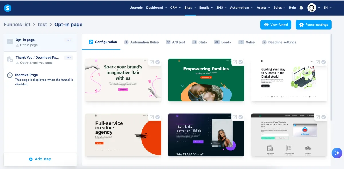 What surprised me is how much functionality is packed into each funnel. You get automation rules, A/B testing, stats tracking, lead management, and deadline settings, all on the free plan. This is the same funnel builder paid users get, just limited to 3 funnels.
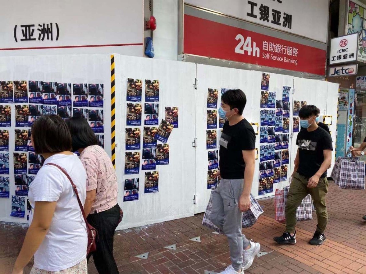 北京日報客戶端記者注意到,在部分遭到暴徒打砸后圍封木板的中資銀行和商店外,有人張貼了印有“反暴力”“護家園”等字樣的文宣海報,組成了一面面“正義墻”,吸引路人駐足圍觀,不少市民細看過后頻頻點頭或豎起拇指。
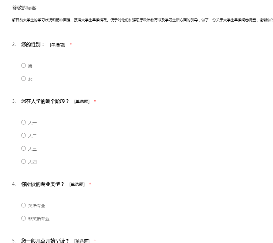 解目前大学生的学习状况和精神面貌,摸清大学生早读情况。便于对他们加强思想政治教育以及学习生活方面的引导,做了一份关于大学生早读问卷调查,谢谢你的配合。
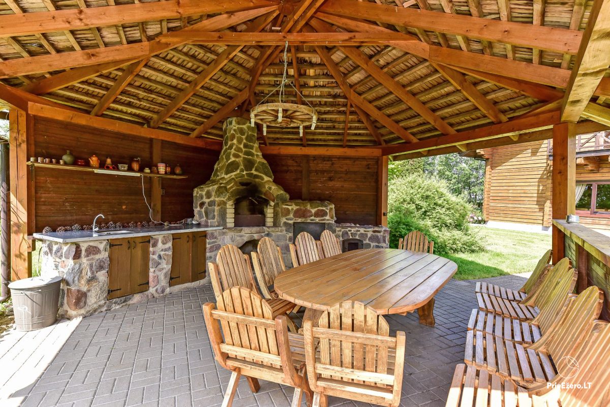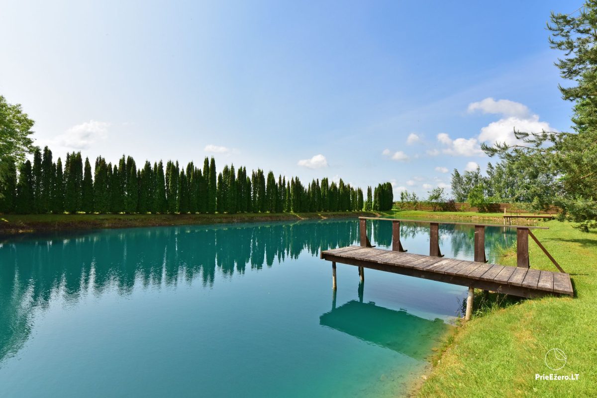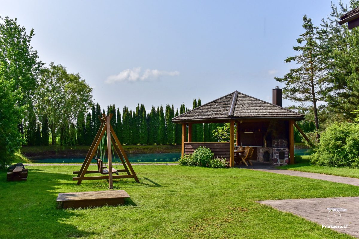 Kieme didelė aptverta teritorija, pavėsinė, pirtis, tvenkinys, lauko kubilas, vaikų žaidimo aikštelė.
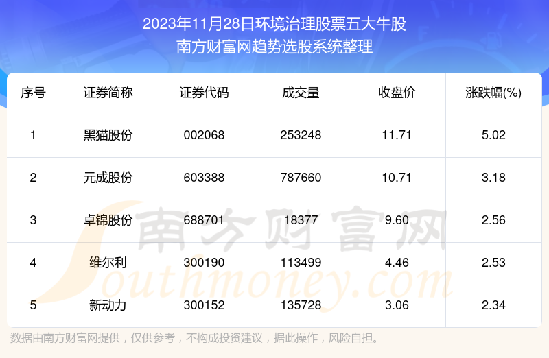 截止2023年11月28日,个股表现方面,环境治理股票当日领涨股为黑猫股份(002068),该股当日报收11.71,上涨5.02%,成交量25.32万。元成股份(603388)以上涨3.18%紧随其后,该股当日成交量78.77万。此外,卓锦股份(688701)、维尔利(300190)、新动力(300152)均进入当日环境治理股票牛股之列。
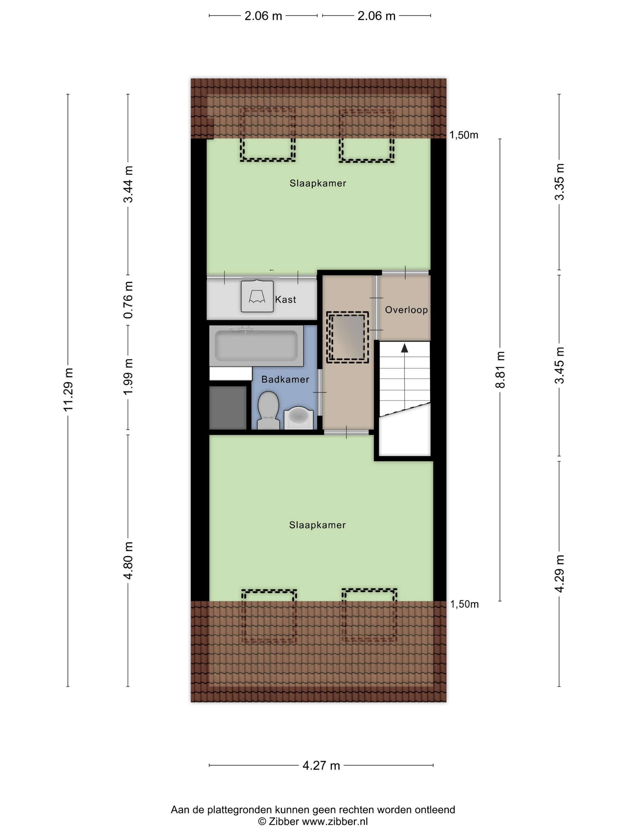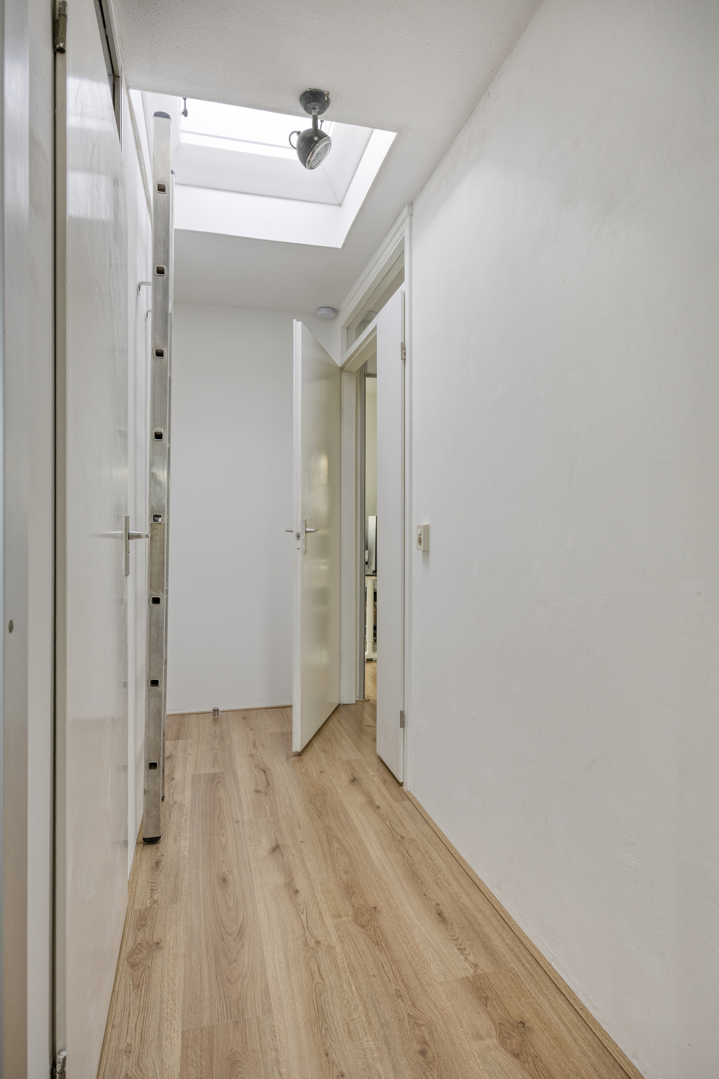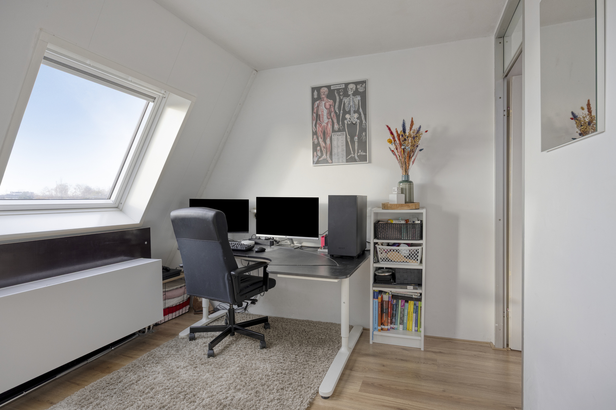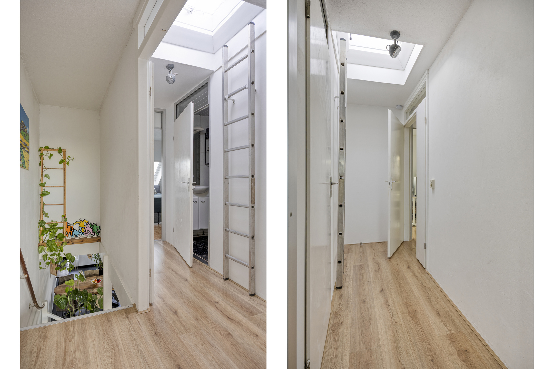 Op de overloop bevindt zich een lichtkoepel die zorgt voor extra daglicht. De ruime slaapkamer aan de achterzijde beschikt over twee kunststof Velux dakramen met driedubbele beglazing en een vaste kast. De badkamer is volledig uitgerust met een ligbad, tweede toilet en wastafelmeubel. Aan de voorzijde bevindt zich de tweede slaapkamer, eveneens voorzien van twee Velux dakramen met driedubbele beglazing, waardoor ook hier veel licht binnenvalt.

* _What the task asks_
Beginning with the first line of the records above, extract each line exactly through the line that holds "北京日報客戶端記者注意到,在", both ends included. Omit pictures.

* _Exercise response_
 What surprised me is how much functionality is packed into each funnel. You get automation rules, A/B testing, stats tracking, lead management, and deadline settings, all on the free plan. This is the same funnel builder paid users get, just limited to 3 funnels.
 北京日報客戶端記者注意到,在部分遭到暴徒打砸后圍封木板的中資銀行和商店外,有人張貼了印有“反暴力”“護家園”等字樣的文宣海報,組成了一面面“正義墻”,吸引路人駐足圍觀,不少市民細看過后頻頻點頭或豎起拇指。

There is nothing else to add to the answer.